“筆者は本書を「夢を語ろうと思う」という言葉で始めた。”——— p.235
著者が再三繰り返すように、これは夢についての本である。民主主義にまつわる思想や哲学を、丁寧かつ平易に解説しながら、かつてルソーによって夢見られた「一般意志」という概念などに、現代において何を夢見ることができるかが模索されている。多くの夢と同様、それらは儚く、読み進めるにしたがって、無数の疑問を抱かされる。
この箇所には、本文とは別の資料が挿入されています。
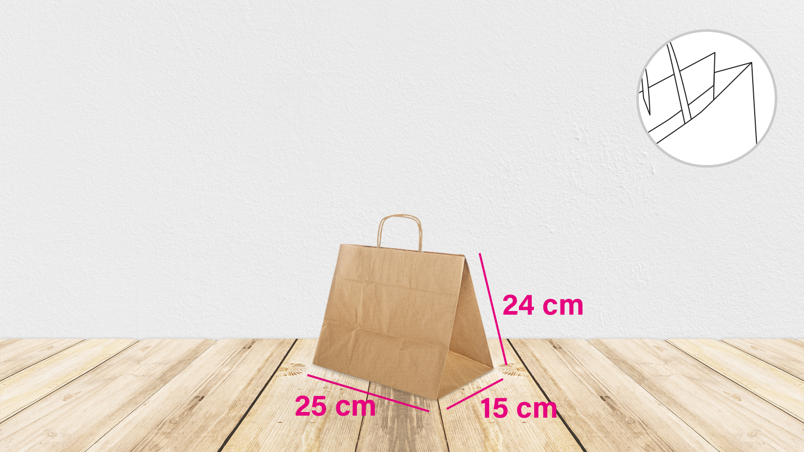 FONDO 25X15 – CARTA 110 GR – MANICO RITORTO CON RISVOLTO INTERNO SUPERIORE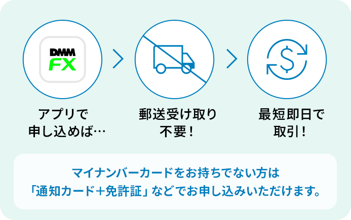 本ページにある「アカウント登録(無料)」ボタンより、「DMM FX」のアプリをダウンロードし、「アカウント登録」をタップし、手順に沿って必要事項ご記入の上、アカウント登録をお申込ください。

その疑問を切っ掛けに、読者自身の、民主主義についての夢想と思索が始まる。本書はその入り口へのよき案内人となる 。
黙字
BOOK'S SELECTION
日米安保と自衛隊
遠藤誠治 責任編集
岩波書店
2015年
“安全保障のディレンマの克服から安定的な平和へ” ——— p.309
本書は日本の安全保障を多面的に分析し、安全保障環境が激変する中で、日本がとるべき安全保障構想を唱えている。日米同盟の変遷や、米国の世界戦略と「積極的平和主義」との相互関係等を詳らかにした上で、「積極的平和主義」が米国の世界戦略と齟齬を来しているだけでなく、東アジアを不安定化させている点を鋭く指摘している。そして、持続的で安定的な安全保障構想を打ち出している。日本の安全保障の将来を考える上で、示唆に富む一冊である。